92 Comments on AMD Catalyst 11.1 WHQL and 11.1a Hotfix Formally Announced
Changed it to an empty string hoping it would force an update upon driver installation. But now it just stays blank.
As I recall, the number after atiumdag does get updated and is what is really important. I think.
I noticed you're browsing this thread. I'm having the version # issue as well. mine says 10.12.
Any thoughts on whats going on?
Edit
I realize it's not your department, but as someone who works at AMD, perhaps you are in contact with the graphics division in some form or with QA, R&D, etc and could pick somebody's brain, somebody who IS involved with this stuff.
If you were so inclined, of course
I'm neither a NV or ATI fanboy... I have been spreading the wealth for 13-14 years. In that time ive owned about ~4 ATI cards and about ~3 NV. Maybe I don't remember, but I just cant recall ever having a driver problem with an NV card. Maybe I just lucked out and had an NV card every time their drivers were excellent.
I even remember promising myself to never buy ATI again in 1998. Obviously that didn't happen. :laugh: I kinda just go with the best "bang for the buck" card at the time I want to upgrade. Just so happens the 6950 with the ability to run the 6970 BIOS won this battle a few weeks ago when my GTX 260 started to seem iffy.
These latest drivers are working fine for me now (11.1a). It took a BSOD to get them installed, but the promised performance increase is there for sure.

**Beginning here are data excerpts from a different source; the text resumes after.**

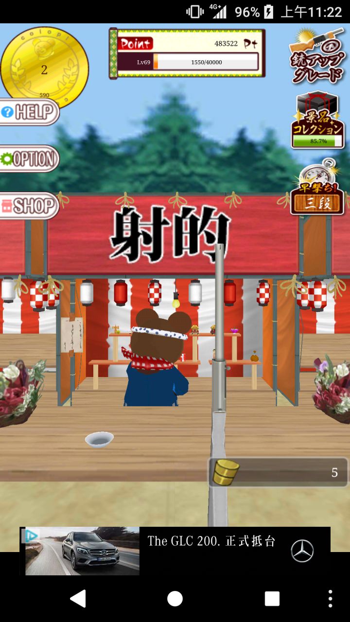 首先这是一款白猫公司コロプラ所做的杀时间的小品游戏是的,介绍一下介面吧 很简单的中间那把长长的是枪 (废言——————子弹数:右下方,平时最多五枚,但如果有拿到特别道具时,打倒多一点目标的话,子弹数会增加金币数:左上方,平时靠时间回恢,最多三枚打倒突然出现的魔王或是过了「早撃ち」就会多送几枚ponit:中间上方,累积点数,可以到商店升级枪和子弹经验:中间上方,嗯...意义不明,不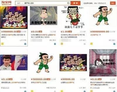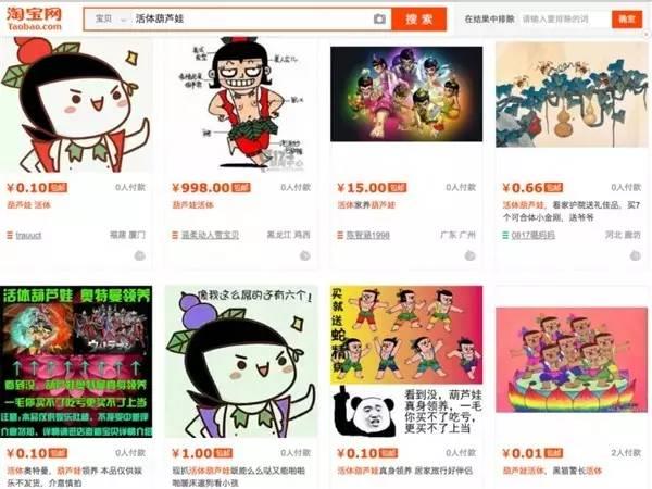小编随便在淘宝网输入“葫芦娃”进行搜索,竟然显示出有几百个类似商品,卖家正在出售的各种“葫芦娃”价格从1分到几十、几百,有的甚至标价上千上万元。而且,交易记录显示还真有人付款,最多的一个有30多个交易量,当然大部分为0交易量。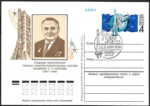 ПК с ОМ со спецгашением 70 лет со дня рождения С.П. Королева 1977 г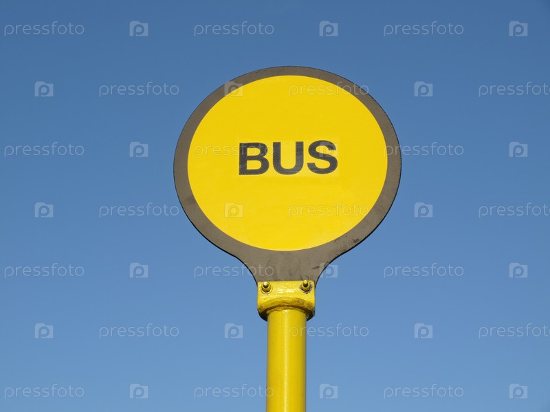 Желтый знак автобусной остановки на фоне неба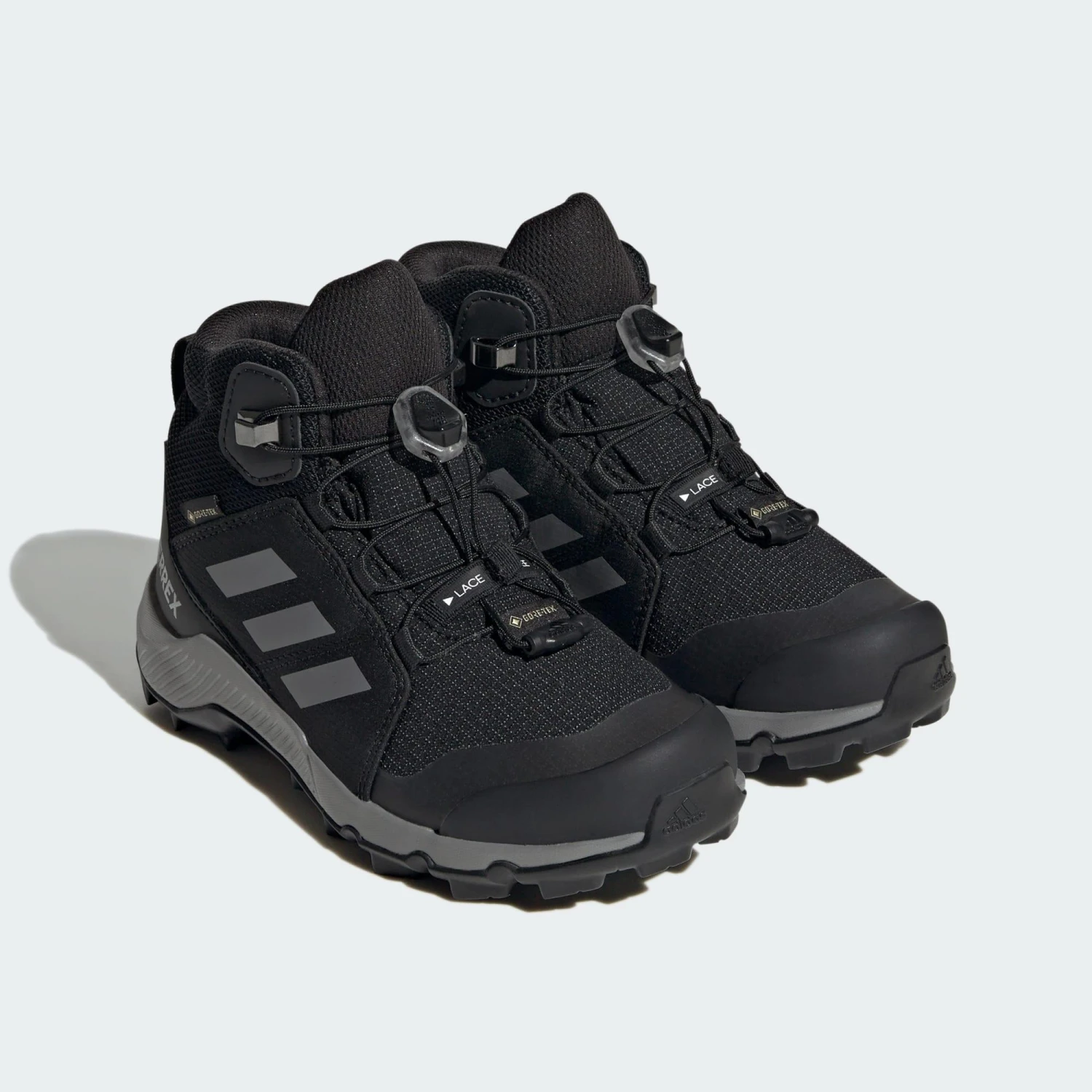 Splashing through puddles is all part of the fun. When the trails get soggy, these kids’ adidas hiking shoes keep their feet dry and comfortable. A waterproof, breathable GORE-TEX membrane repels water. Lightweight EVA cushioning keeps them cruising in comfort. No matter how fast they zoom down the trails, Continental™ Rubber offers extraordinary grip.Made with a series of recycled materials, this upper features at least 50% recycled content. This product represents just one of adidas’ solutions to help end plastic waste.

Tho something as simple as incorrect version numbers is embarrassing to say the least.
I hope the next hotfix or driver version from ATI/AMD is a homerun, they sure need it right about now.
I am good now, but really disappointed.
Driver Sweeper
The only thing I needed to do was install 11.1 (not the hotfix) and then did a repair-install of the Stream SDK (v2.3).

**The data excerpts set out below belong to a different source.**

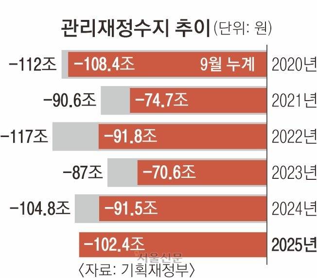 나라살림 ‘경고등’… 102조 적자로 팬데믹 이후 역대 두 번째 규모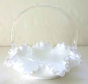 Fenton White Milkglass Basket Bowl W/ Silver Crest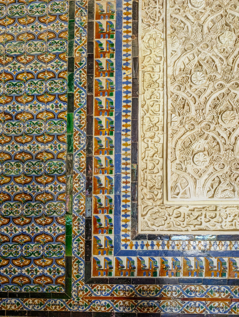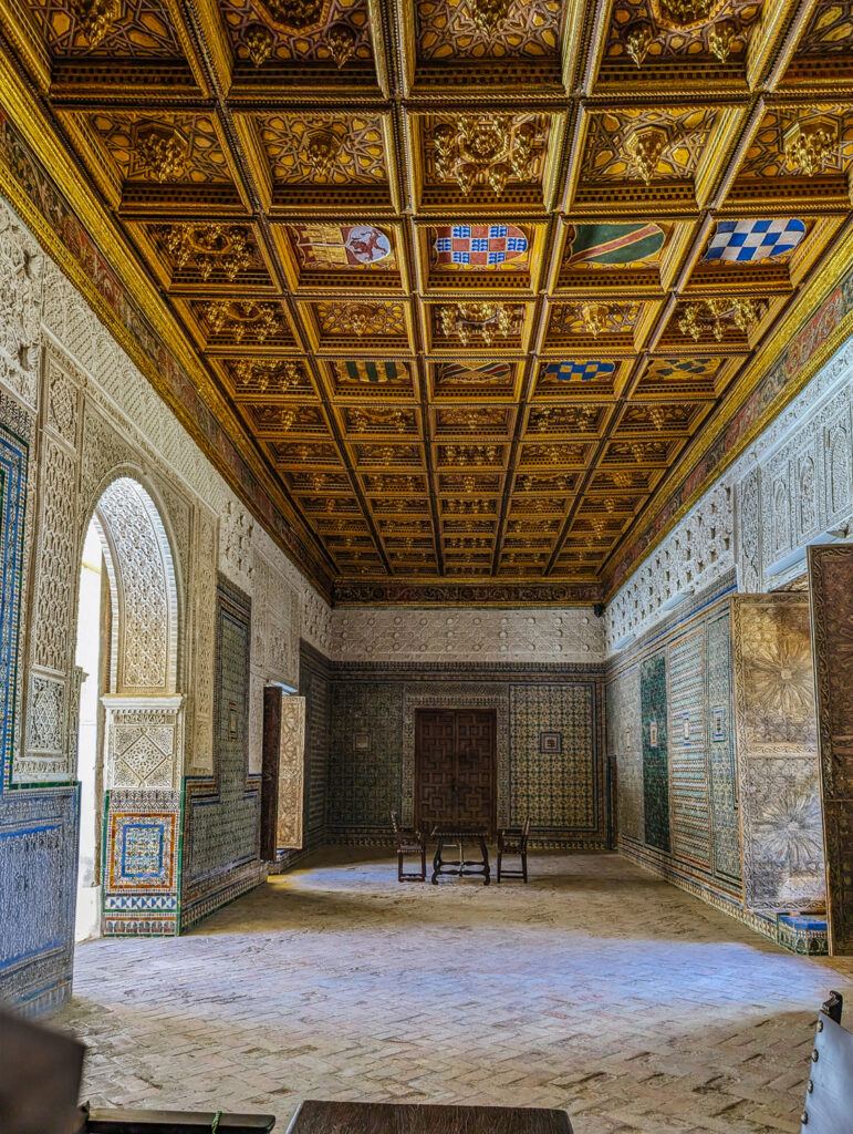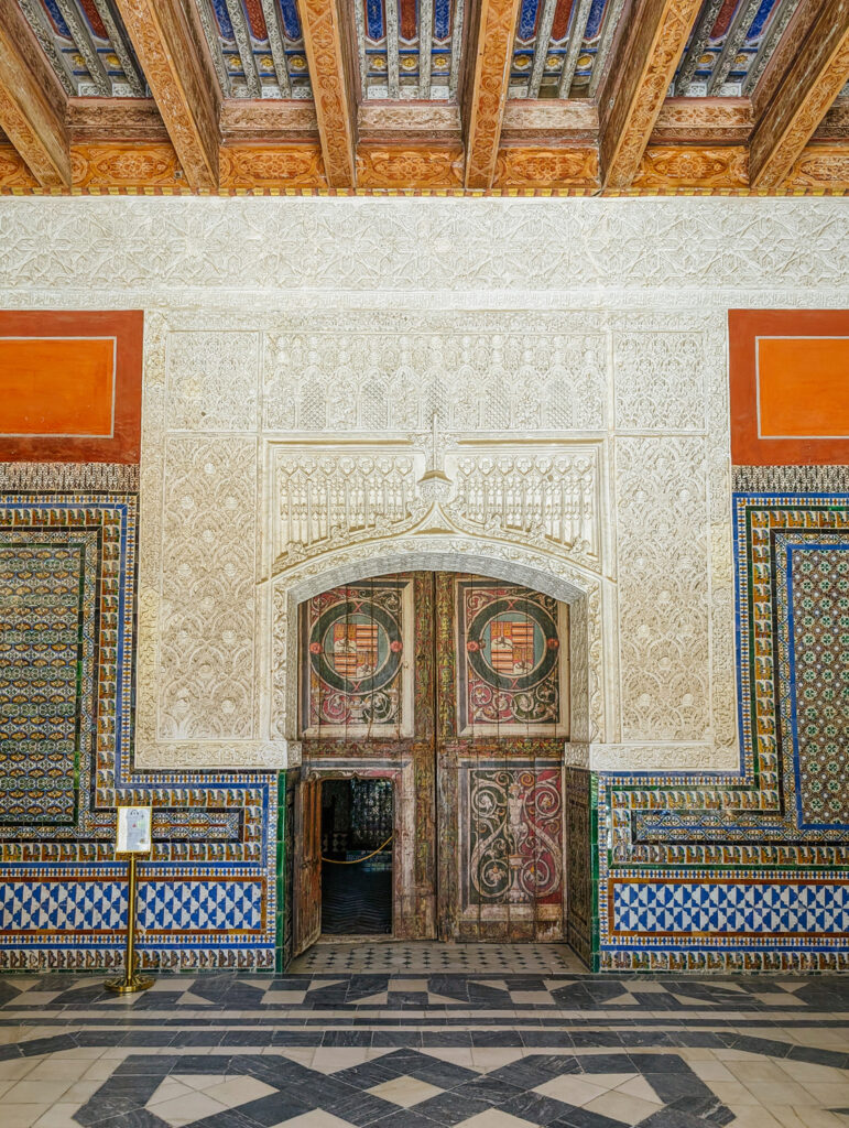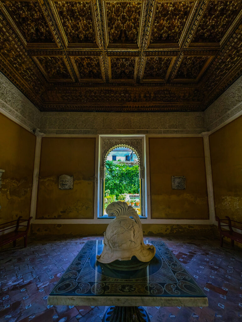 The room’s decorative richness is remarkable. Along the lower walls, bold tilework produced using the innovative cuenca (basin) technique creates a striking skirting. The spaces between the tilework and ceiling are filled with delicate stucco reliefs, blending Arabic inscriptions, vegetal motifs (atauriques), and miniature architectural forms. Two mullioned windows flank the entrance, flooding the room with light and highlighting the blend of Islamic and Renaissance influences that define Casa de Pilatos.

I have all options available on my HD5850 (MLAA/Tessellation/etc.) via CCC and have noticed an average performance increase of about 10% across the board in ALL apps & games.

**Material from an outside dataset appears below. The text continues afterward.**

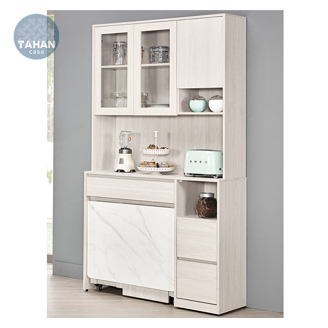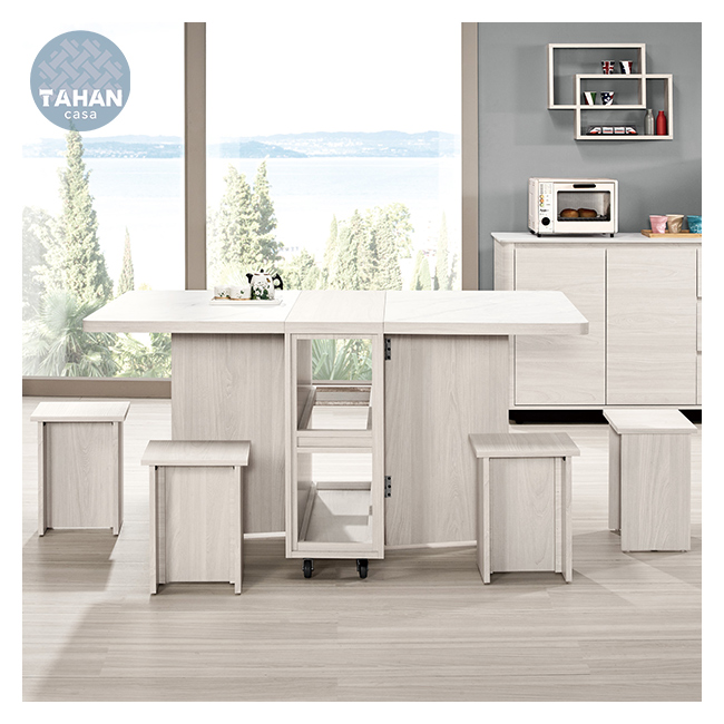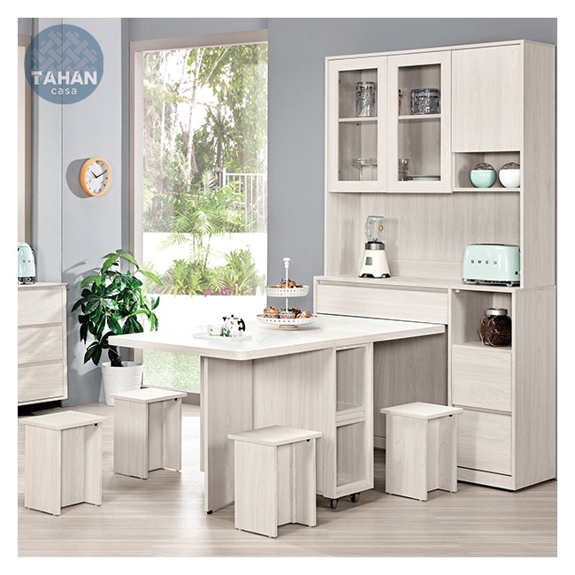 4尺仿石面組合餐桌櫃,附輔助椅4張、活動隔板2片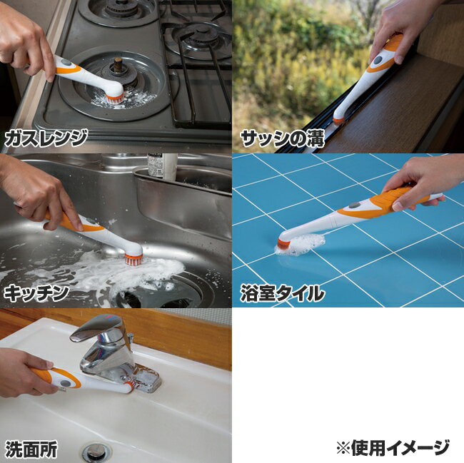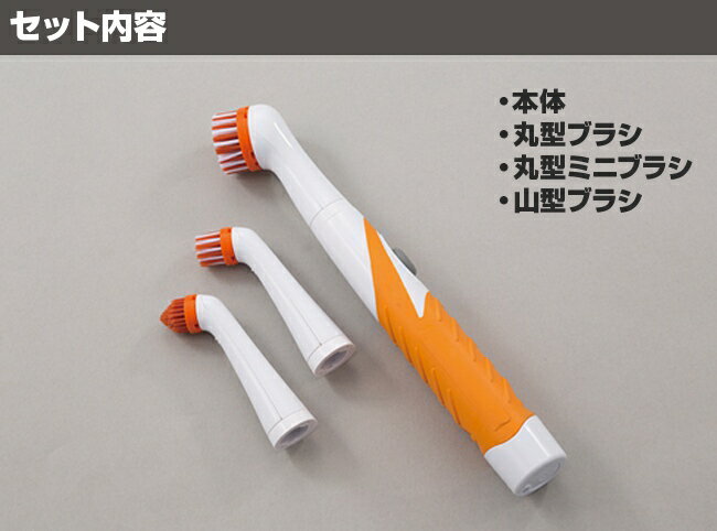 高速回転でガンコな汚れを落とす! 電動おそうじブラシセット ブラシ3種&パッド4種付属 コードレス 防滴 乾電池式【 掃除用具 掃除ブラシ たわし ポリッシャー 洗濯 キッチン 台所 小型 軽量 便利 ◎ ◇ 8000回転ブラシP

Furthermore.. all fonts look great again, which were screwy in the last couple of releases (for me at least).
The version number IS incorrect though, so it'll be interesting to see how soon AMD will get their collective fingers out ;)
I did say the version number is still wrong :)
img255.imageshack.us/f/ati111driver.jpg/
MLAA/Tessellation/etc.:
img600.imageshack.us/f/ati111driver2.jpg/
HD5850 screenie:
img593.imageshack.us/img593/9047/hd5850screenie.gif
OK..images not showing, so the links instead :/
Adobe said they wanted to include Ati's Stream acceleration but it's not ready at all , proof it's not ready at all even now is the lack of any usefull application , even their own encoding application Avivo doesn't use the GPU , i tried it and the gpu isnt used at all and the end result is always very bad.
Cyberlink Esspresso is the only program that ive seen to use ATi Stream for video encoding. but when i used it with 2 4870s it really didnt make much difference at all asside from a flashing ATi logo telling i was using ATi stream. but it did use a little processesing power from my cards - just not 90-100% of it.
I think the market will continue on its current path and will be very slow to adopt STREAM over CUDA. at this stage in time its probably a lot easier and quicker to code stuff for CUDA as CUDA has been widey available for quite a few years now.
I agree that ATI do need to get some hardware accelerated apps out there, but hey - they support the open standards of OpenCL and DirectCompute... but no devs want an open standard. they'd rather get a nice sponsorship from nvidia to do things in a proprietary way.
DirectCompute is stupid because it's not multi-platform, which is just as restrictive as the proprietary way.
Basically what CUDA does is add functions (which are also Stream-compatible, but slower on AMD cards) to the existing OpenCL specification. It's just like NVIDIA's OpenGL extensions. This alone makes it easier for developers to make applications that work on Intel, AMD, and NVIDIA hardware.